#### [Work required]
Pictures aside, output each record exactly.
--
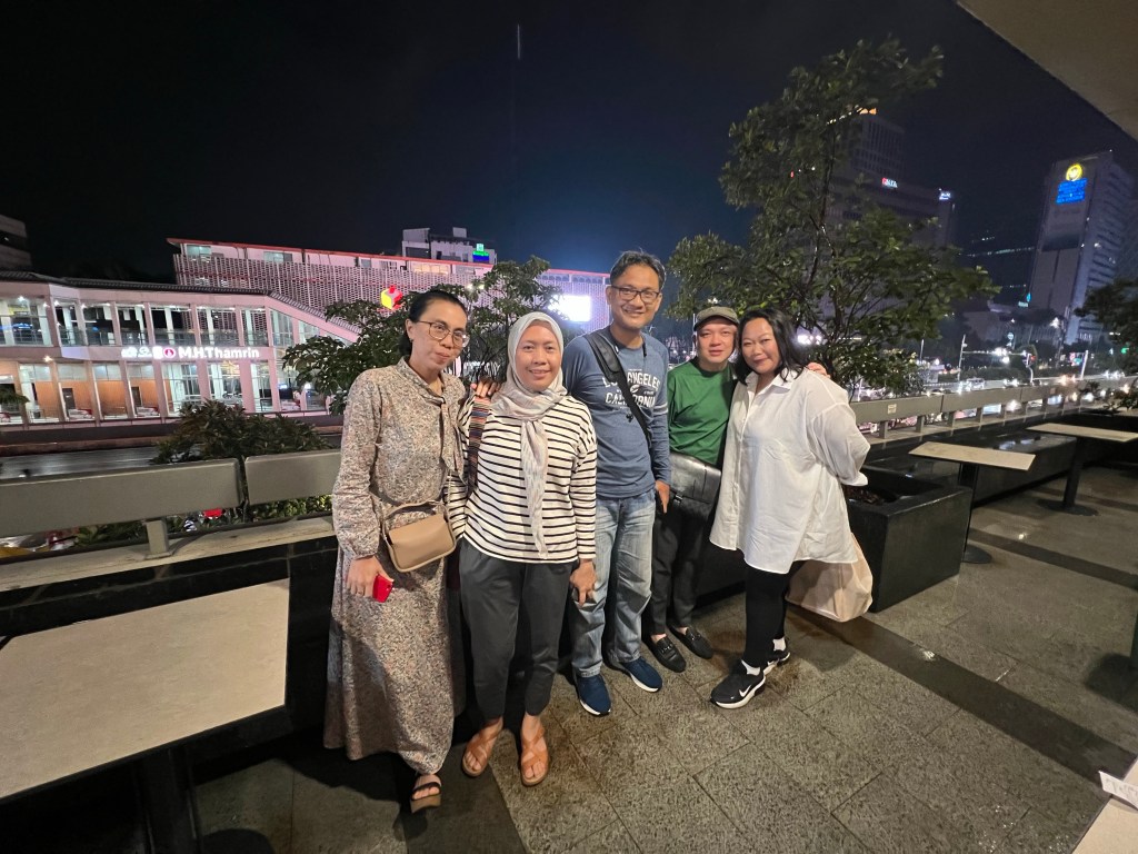 I had a great time on the train. My cousins , Guldaf and Ria were there as soon as I arrived. What surprised me was my other cousin, Arif, from my dad’s side came to surprise me at the station. Just happened that his work is closed by Gambir, the train station. I’ve never lived in Jakarta before. So I got excited to see Monas ( National Monument ) when we exited the station. And to see all the lights and colors, and the tall buildings along the Sudirman Street. There are so many changes from the last time I visited Jakarta. I felt like a little girl in a big city.
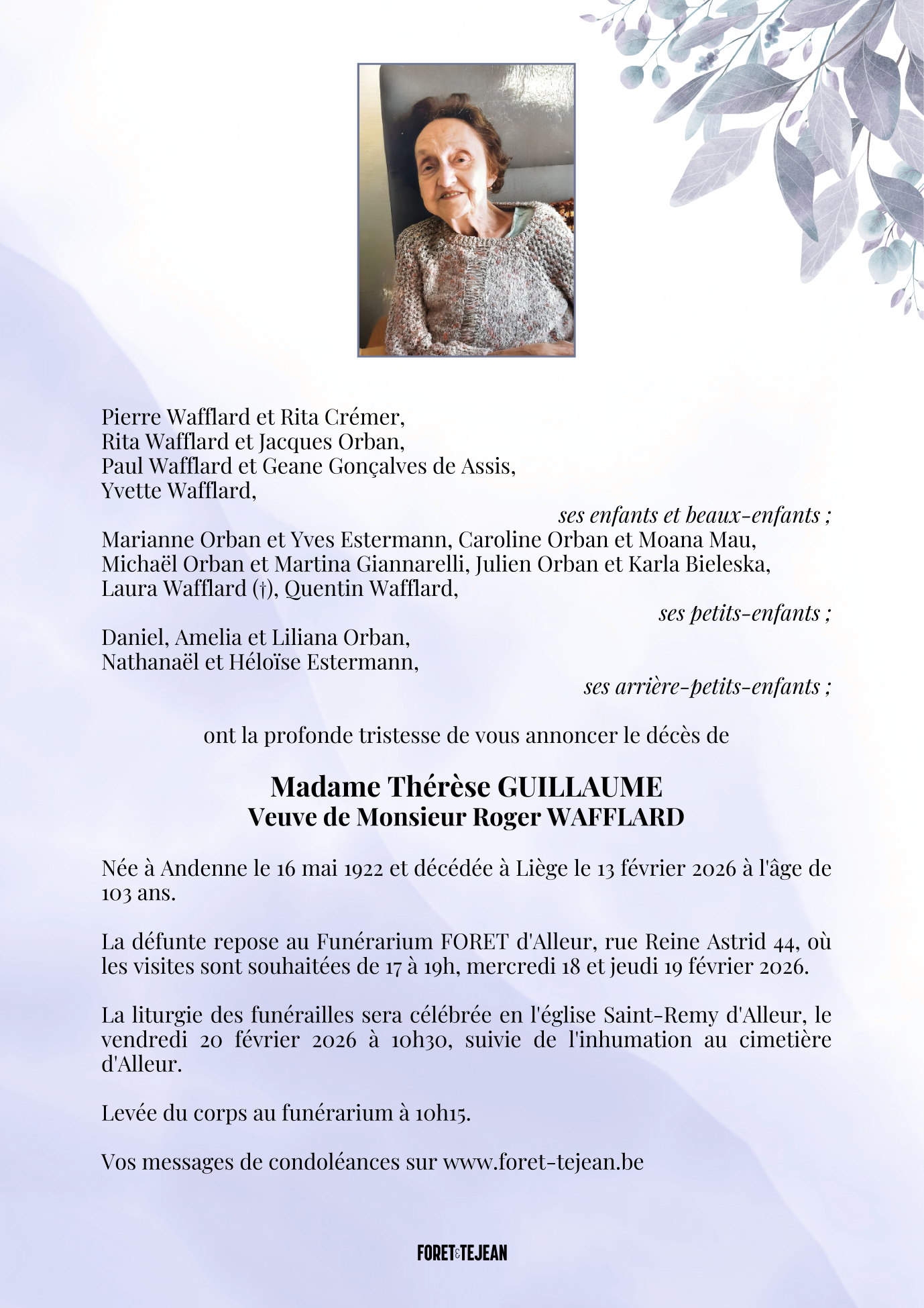 Overleden te Liège (4000, België) op vrijdag 13 februari 2026 op 103-jarige leeftijd
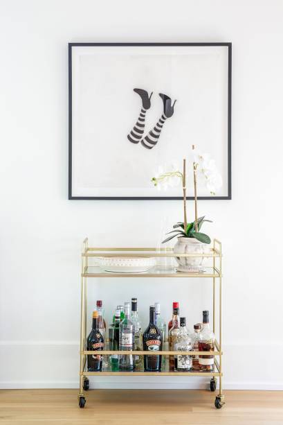 Os elementos fundamentais da sala de estar foram mantidos bastante neutros, com os móveis feitos sob medida adicionando a quantidade certa de cor para preencher a lacuna entre os brancos neutros e os tons brilhantes do tapete. O amor dos clientes pela moda é ainda representado pelos desenhos a carvão pendurados nas paredes.
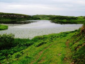 We called in to the excellent Boathouse visitor centre and island museum for a quick chat with Tom McDonnell and a look at his fabulous Rathlin photographs, then headed from the shore road past the shell of the kelp factory that once brought work and prosperity to the seaweed-processors of the island. Soon the harbour and buildings were behind us, and we strolled the up-and-down road past Craigmacagan and Kinkeel Loughs, beautiful sheets of still water fringed with reeds and paved with broad green lily pads.
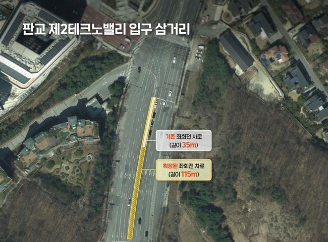 특히 오는 6월까지는 대왕판교 TG에서 금토동삼거리까지 이어지는 달래내로를 기존 4차로에서 6차로로 확장하고, 대왕판교로 2개소에는 판교테크노밸리 입주기업의 출퇴근 수요를 고려한 셔틀버스 임시 승하차 구간도 조성할 예정이다.
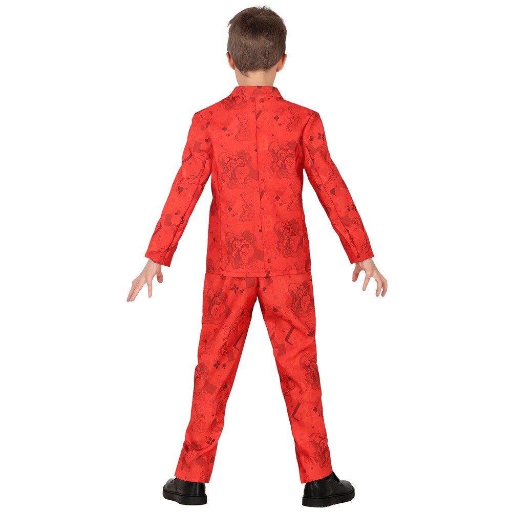 Réf. : ART-084562 Déguisement Mr Smile garçon composé d'une veste, d'un pantalon et d'une cravate rouge pour un cosplay la nuit d'Halloween ou lors d'une fête à thème Cinéma. Chemise non incluse. L'ensemble affiche un imprimé visages d'un célèbre super vilain et jeu de carte. Ce style de gentleman démoniaque est idéal pour semer le trouble avec élégance. Ce costume mêle style et frisson dans un contraste aussi chic que dérangeant.
--
#### [Solution for this exercise]
 I had a great time on the train. My cousins , Guldaf and Ria were there as soon as I arrived. What surprised me was my other cousin, Arif, from my dad’s side came to surprise me at the station. Just happened that his work is closed by Gambir, the train station. I’ve never lived in Jakarta before. So I got excited to see Monas ( National Monument ) when we exited the station. And to see all the lights and colors, and the tall buildings along the Sudirman Street. There are so many changes from the last time I visited Jakarta. I felt like a little girl in a big city.
 Overleden te Liège (4000, België) op vrijdag 13 februari 2026 op 103-jarige leeftijd
 Os elementos fundamentais da sala de estar foram mantidos bastante neutros, com os móveis feitos sob medida adicionando a quantidade certa de cor para preencher a lacuna entre os brancos neutros e os tons brilhantes do tapete. O amor dos clientes pela moda é ainda representado pelos desenhos a carvão pendurados nas paredes.
 We called in to the excellent Boathouse visitor centre and island museum for a quick chat with Tom McDonnell and a look at his fabulous Rathlin photographs, then headed from the shore road past the shell of the kelp factory that once brought work and prosperity to the seaweed-processors of the island. Soon the harbour and buildings were behind us, and we strolled the up-and-down road past Craigmacagan and Kinkeel Loughs, beautiful sheets of still water fringed with reeds and paved with broad green lily pads.
 특히 오는 6월까지는 대왕판교 TG에서 금토동삼거리까지 이어지는 달래내로를 기존 4차로에서 6차로로 확장하고, 대왕판교로 2개소에는 판교테크노밸리 입주기업의 출퇴근 수요를 고려한 셔틀버스 임시 승하차 구간도 조성할 예정이다.
 Réf. : ART-084562 Déguisement Mr Smile garçon composé d'une veste, d'un pantalon et d'une cravate rouge pour un cosplay la nuit d'Halloween ou lors d'une fête à thème Cinéma. Chemise non incluse. L'ensemble affiche un imprimé visages d'un célèbre super vilain et jeu de carte. Ce style de gentleman démoniaque est idéal pour semer le trouble avec élégance. Ce costume mêle style et frisson dans un contraste aussi chic que dérangeant.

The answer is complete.